[Records to process]
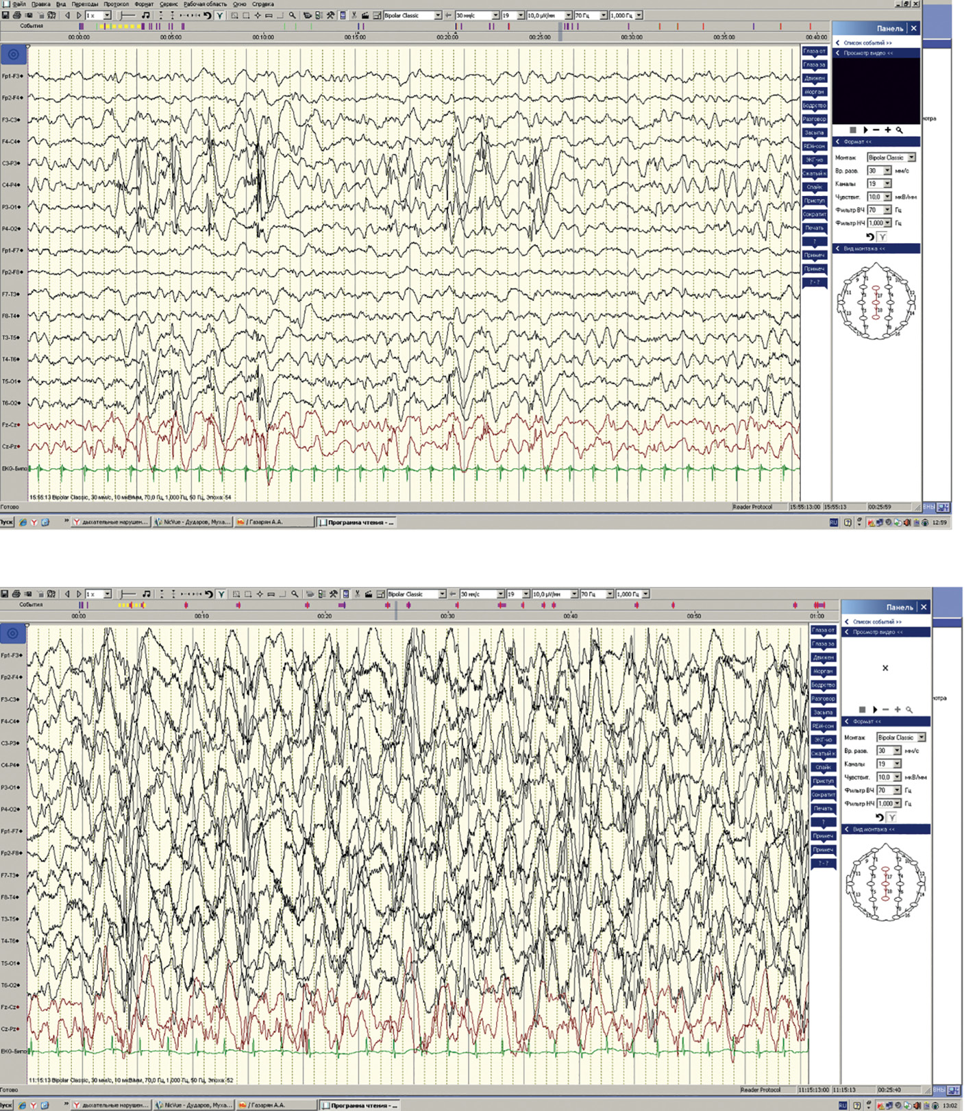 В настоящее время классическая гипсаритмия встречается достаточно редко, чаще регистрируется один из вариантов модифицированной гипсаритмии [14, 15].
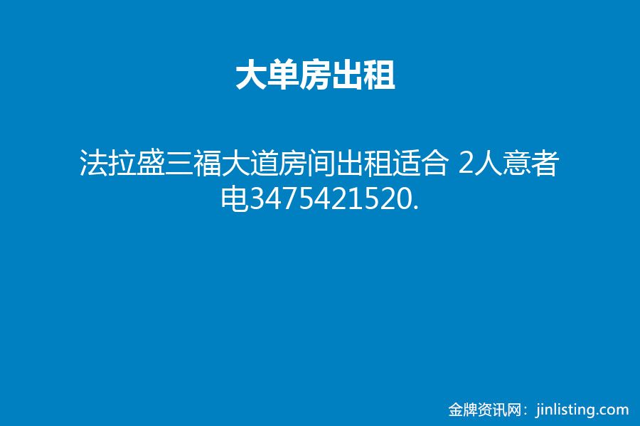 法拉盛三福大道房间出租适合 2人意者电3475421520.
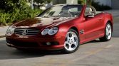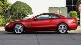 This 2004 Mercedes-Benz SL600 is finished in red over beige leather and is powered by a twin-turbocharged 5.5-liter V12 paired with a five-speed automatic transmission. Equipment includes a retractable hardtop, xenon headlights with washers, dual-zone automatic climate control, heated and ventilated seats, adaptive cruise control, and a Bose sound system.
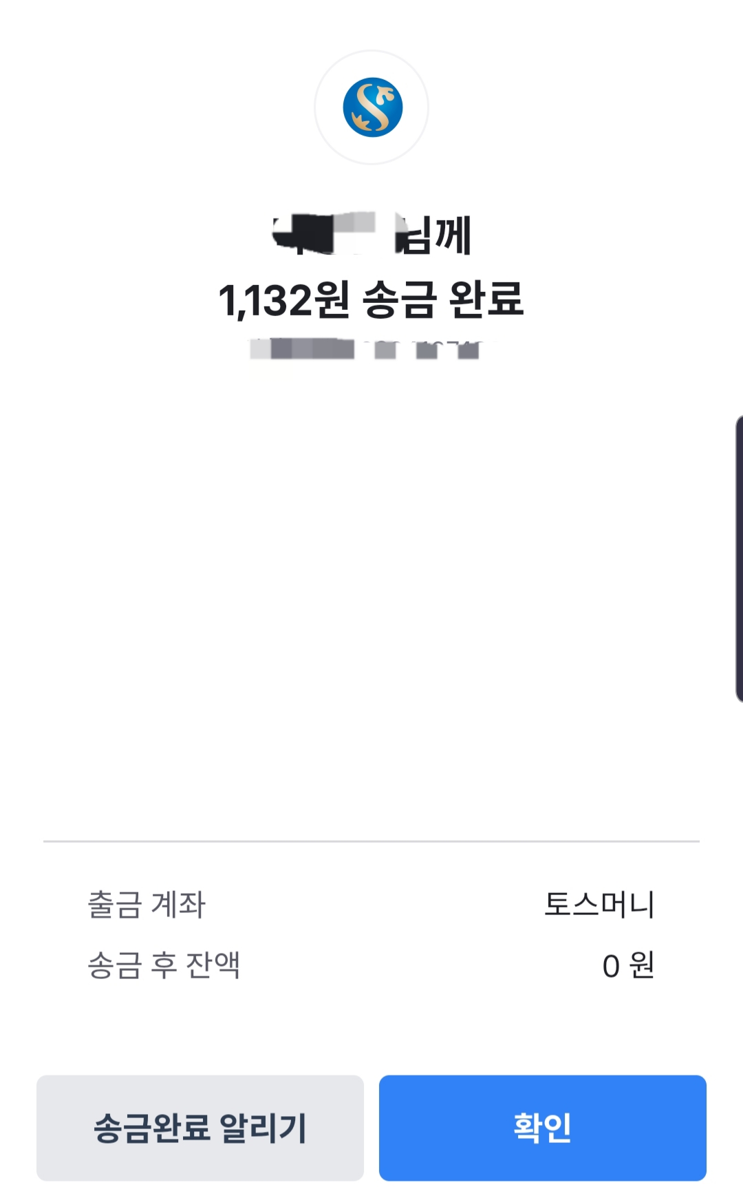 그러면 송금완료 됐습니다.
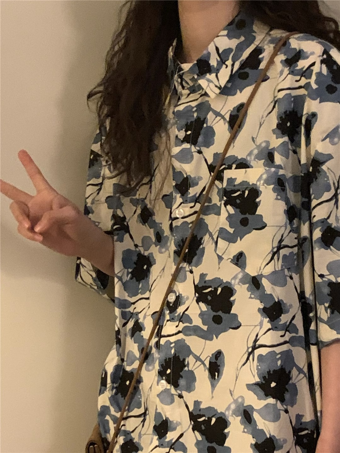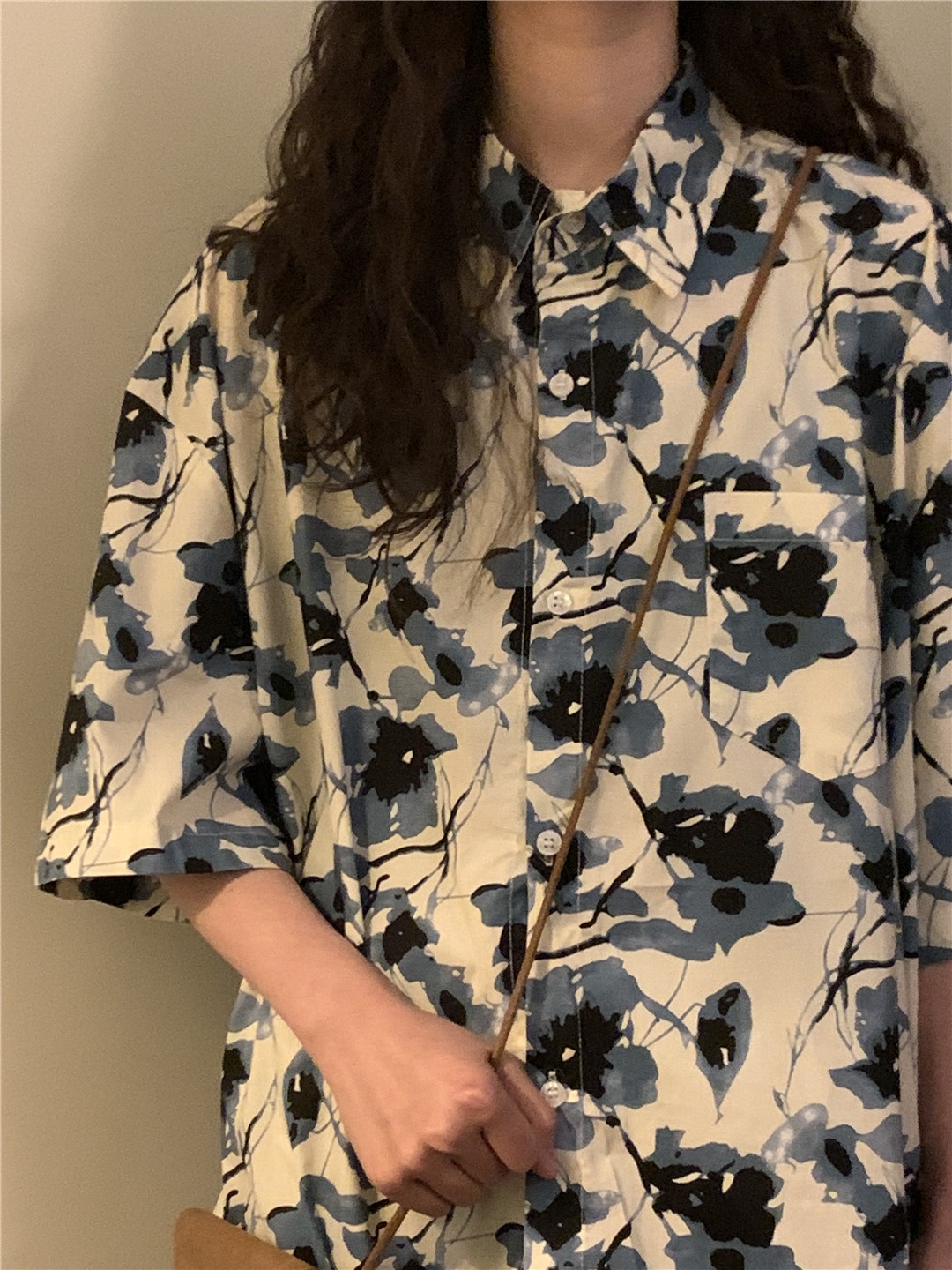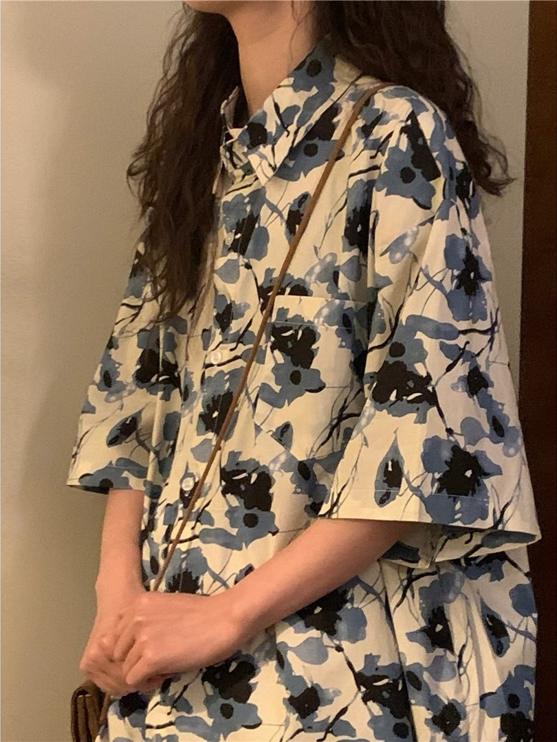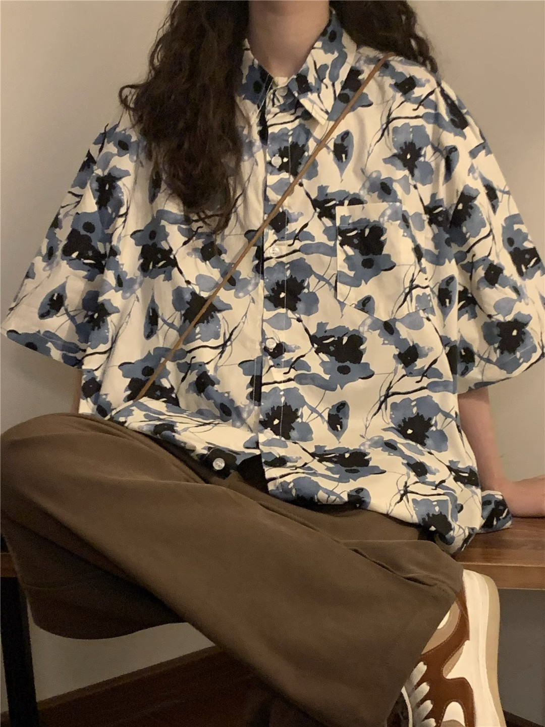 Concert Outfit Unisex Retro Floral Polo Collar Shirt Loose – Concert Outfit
[/Records to process]
§ Work task:
Nothing but the lines from the line containing "This 2004 Mercedes-Benz" to the end of the records above should be repeated, exactly and with every picture omitted.

§ Exercise solution:
 This 2004 Mercedes-Benz SL600 is finished in red over beige leather and is powered by a twin-turbocharged 5.5-liter V12 paired with a five-speed automatic transmission. Equipment includes a retractable hardtop, xenon headlights with washers, dual-zone automatic climate control, heated and ventilated seats, adaptive cruise control, and a Bose sound system.
 그러면 송금완료 됐습니다.
 Concert Outfit Unisex Retro Floral Polo Collar Shirt Loose – Concert Outfit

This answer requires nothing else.